Overview
digitalpipelines/llama2_7b_chat_uncensored is a 7 billion parameter language model developed by digitalpipelines. It is a fine-tuned version of the OpenLLaMA-7B base model, specifically adapted for conversational tasks. The fine-tuning process utilized a unique uncensored/unfiltered Wizard-Vicuna conversation dataset (digitalpipelines/wizard_vicuna_70k_uncensored) and employed the QLoRA method, as detailed in a process outlined by George Sung.
Key Characteristics
- Base Model: OpenLLaMA-7B
- Parameter Count: 7 billion
- Fine-tuning Method: QLoRA
- Training Data: Uncensored Wizard-Vicuna conversation dataset
- Prompt Format: Uses a specific
### HUMAN: and ### RESPONSE: structure for turn-based conversations.
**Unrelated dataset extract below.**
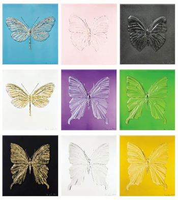 達(dá)米恩·赫斯特:我視蝴蝶為靈魂,也是廣泛被使用的世界視覺語言。我經(jīng)常形容蝴蝶是宇宙的啟發(fā)者,每一個人都會愛上它那不可思議的脆弱美態(tài)。對我來說,蝴蝶另一個吸引的元素,就是那種介乎于生日賀卡上被大眾喜愛的形象、愛的力量,以及昆蟲本身真實存在的矛盾張力。我們往往嘗試?yán)米匀粊肀磉_(dá)一些難以言傳的意念:愛、欲望、信念和永恒,蝴蝶正好是一個有趣的例子。其實這些都是既定的意念,基督教便經(jīng)常利用蝴蝶來表現(xiàn)復(fù)活;古希臘用來代表靈魂。我最喜愛蝴蝶無論生前死后都是一模一樣,但當(dāng)光線穿透這些版畫時,它們就像以另一種形態(tài)復(fù)活了。
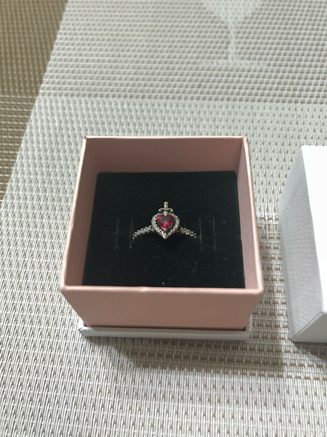 Anillo Pandora Corazón Rojo Plata

Quantized Versions Available
For optimized inference, digitalpipelines provides several quantized versions of this model:
- GPTQ: Available as
digitalpipelines/llama2_7b_chat_uncensored-GPTQ - GGML: Includes 2, 3, 4, 5, 6, and 8-bit quantized models for CPU+GPU inference, found under
digitalpipelines/llama2_7b_chat_uncensored-GGML.
Intended Use
This model is particularly suited for applications where an unfiltered and direct conversational style is desired, distinguishing it from models with built-in censorship or strict content moderation. Its training on an uncensored dataset means it will generate responses without the typical guardrails found in many other chat-optimized LLMs.